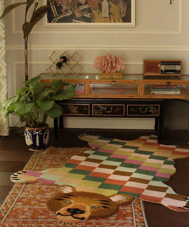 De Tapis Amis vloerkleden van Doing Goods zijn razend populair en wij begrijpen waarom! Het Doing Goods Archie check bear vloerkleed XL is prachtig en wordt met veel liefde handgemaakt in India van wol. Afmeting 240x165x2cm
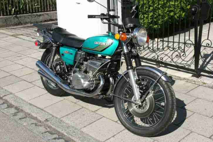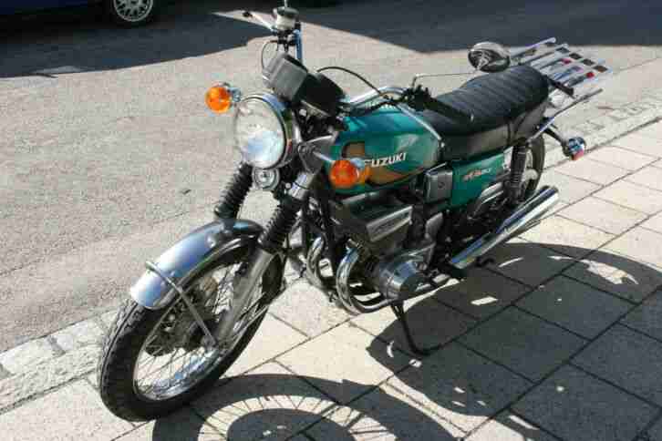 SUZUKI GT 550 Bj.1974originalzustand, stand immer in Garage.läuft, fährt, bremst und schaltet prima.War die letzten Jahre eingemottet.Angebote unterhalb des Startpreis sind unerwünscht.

_ _ _

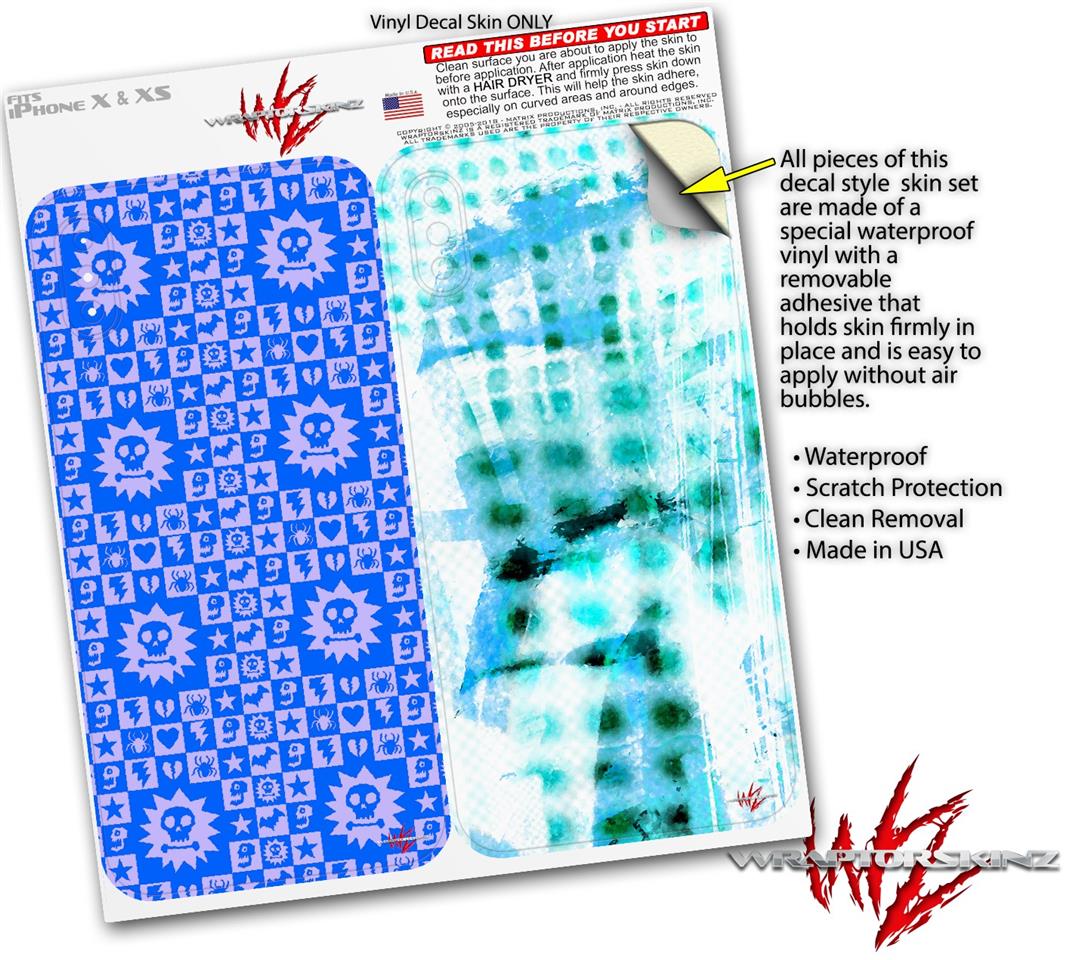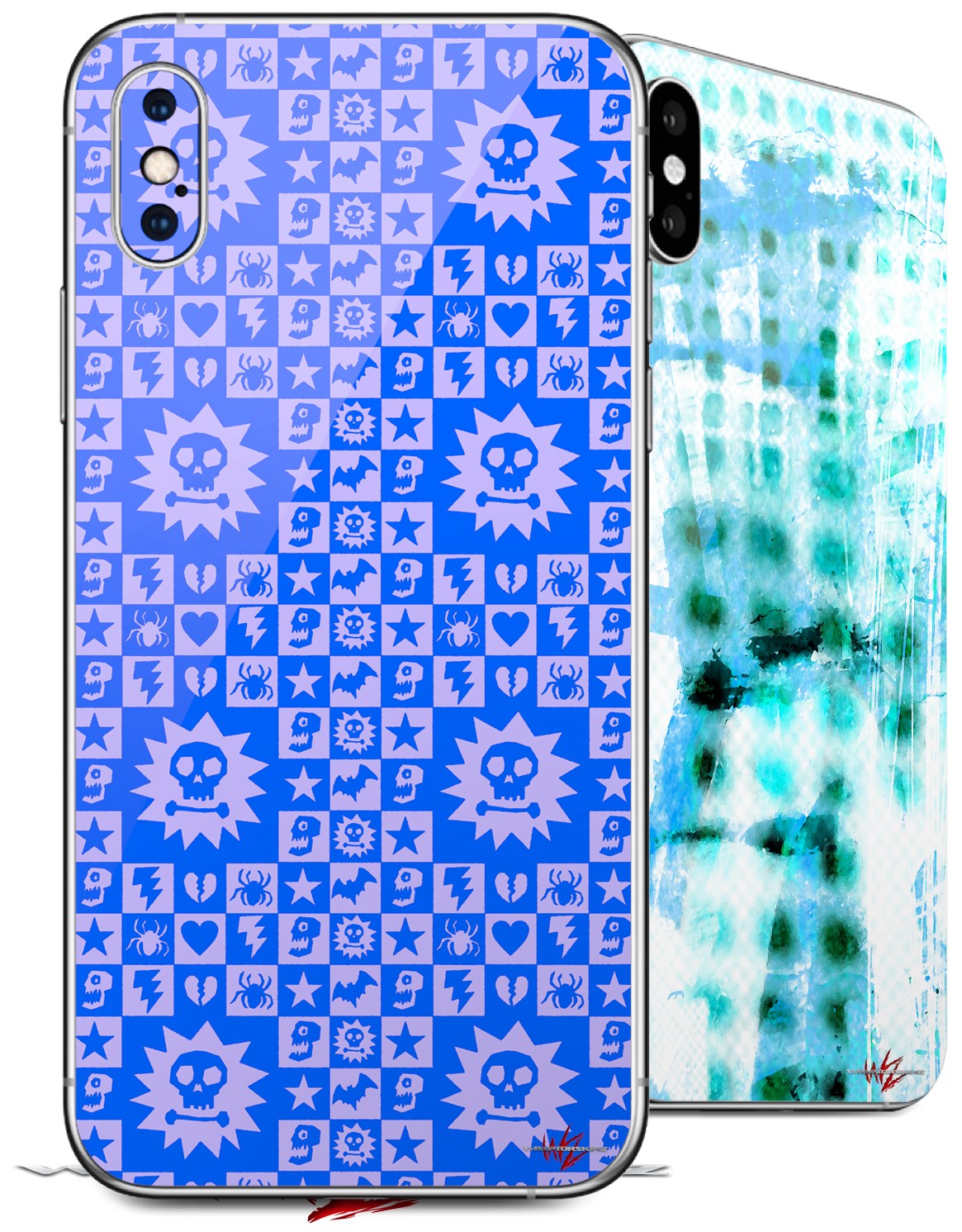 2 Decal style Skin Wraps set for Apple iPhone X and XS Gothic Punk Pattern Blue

_ _ _

-- Work item --
Using the listing above, repeat word for word each line from the one with "De Tapis Amis" down to the one with "SUZUKI GT 550", both included. Omit all pictures.

-- Answer --
 De Tapis Amis vloerkleden van Doing Goods zijn razend populair en wij begrijpen waarom! Het Doing Goods Archie check bear vloerkleed XL is prachtig en wordt met veel liefde handgemaakt in India van wol. Afmeting 240x165x2cm
 SUZUKI GT 550 Bj.1974originalzustand, stand immer in Garage.läuft, fährt, bremst und schaltet prima.War die letzten Jahre eingemottet.Angebote unterhalb des Startpreis sind unerwünscht.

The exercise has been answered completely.